Posted at 5:27 PM, Apr 04, 2016
and last updated 2016-04-05 06:32:33-04

Protestors gathered outside the Erie County Holding Center Monday to protest the death of 27-year-old India Cummings.

After protesting outside the Holding Center, the group moved across Delaware Avenue to the Erie County Court Building. For a time, they blocked traffic, stopping a city parking enforcement vehicle. They then marched down Eagle Street to Franklin Street and the front of the Rath Building.

For a time, protestors blocked Franklin Street.

According to Lackawanna Police, officers were called to Knowlton Avenue last February because Cummings was acting in an irrational manner. When officers arrived, she fled and ran to South Park Avenue, where she flagged down a driver. She then yanked the 57-year-old man out of his vehicle and fled at a high rate of speed.

Police say she hit several cars, including a school bus from the Hamburg School District, then rear-ended a vehicle stopped at a red light at Rosary Avenue and Ridge Road.

Officers broke the vehicle’s window and take her into custody, though they say she was violent while being arrested.
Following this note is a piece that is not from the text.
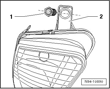 - Insert new mounting tab - 2 - into the mount - 1 - on the headlamp and secure the securing lug with mounting bolt - 3 -.

One officer injured his hand.

She was being held in the Erie County Holding Center on charges of second degree robbery, third degree criminal possession of stolen property, third degree grand larceny, reckless driving, reckless endangerment, second degree obstruction of governmental administration, second degree harassment and resisting arrest.
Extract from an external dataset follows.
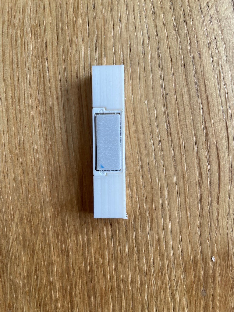 Die schlanke Magnethalterung des Ring Alarm Kontaktsensors der 2. Generation eignet sich perfekt zur Lösung des Problems des Höhenunterschieds, wenn Ihre Tür eine dicke Kante hat, die den Magnet und den Sensor aus der vertikalen Ausrichtung bringt. Die magnetische Befestigung umfasst eine Aussparung, die zu diesem Kunststoffbehälter passt und über beiden einrastet. Der Magnet ist stark genug, um sehr großzügig positioniert zu werden, und wenn Sie die Ausrichtung anpassen können, ist er ein ideales Sicherheitszubehör.

According to Matt Albert, the attorney representing the Cummings family, Cummings was taken to Buffalo General Hospital from the Holding Center in cardiac arrest. He says Cummings was severely dehydrated, had broken bones and was brain dead.

Albert says the Holding Center has not explained how those injuries occurred from the time of Cummings’ arrest to the time she was taken to the hospital.

Cummings' death is being investigated by the New York State Commission of Correction, however the agency says it is not technically an “in-custody” death because Cummings was released from custody at the hospital.

Regardless, according to a spokesperson, “the state Commission of Correction and its Medical Review Board still have the legal authority to investigate and report on the circumstances of the incident.”

A spokesperson for the Erie County Sheriff's Office told 7 Eyewitness News that due to pending litigation, the department has been instructed not to comment on the case.